The open-label, randomized, multi-center Phase 3 trial investigated the first-line treatment of cemiplimab monotherapy compared to platinum-doublet chemotherapy in squamous or non-squamous advanced NSCLC that tested positive for PD-L1 in ≥50% of tumor cells but not ALK, EGFR or ROS1. PD-L1 expression was confirmed using the PD-L1 IHC 22C3 pharmDx kit. The trial included 712 patients with either locally advanced NSCLC (Stage IIIB/C), who were not candidates for surgical resection or definitive chemoradiation or had progressed after treatment with definitive chemoradiation, or previously untreated metastatic NSCLC (Stage IV).

Patients were randomized 1:1 to receive either cemiplimab 350 mg administered intravenously every three weeks for up to 108 weeks or an investigator-selected, standard-of-care, platinum-based, doublet chemotherapy regimen for 4 to 6 cycles (with or without histology relevant maintenance pemetrexed chemotherapy). The co-primary endpoints are OS and PFS, and secondary endpoints include overall response rate, duration of response and quality of life.

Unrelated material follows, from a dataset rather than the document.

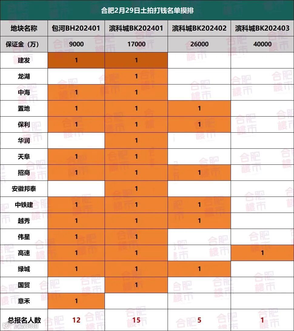 今天下午,合肥2月29日土拍打钱名单曝光,包河12家,滨湖15家,共有16家房企参与此次土拍大战。

The trial was designed to reflect current and emerging treatment paradigms. Inclusion criteria allowed patients with NSCLC who had: controlled hepatitis B, hepatitis C or HIV; pre-treated and stable brain metastases; and/or locally advanced disease that had progressed after definitive chemoradiation. Patients whose disease progressed in the trial were able to change their therapy: those in the chemotherapy arm were allowed to crossover into the cemiplimab arm, while those in the cemiplimab arm were allowed to combine cemiplimab treatment with 4 to 6 cycles of chemotherapy.

A prespecified interim analysis was performed after 50% of OS events. Due to a highly significant improvement in OS at the interim analysis, the trial was modified to allow all patients to receive cemiplimab based on an Independent Data Monitoring Committee recommendation.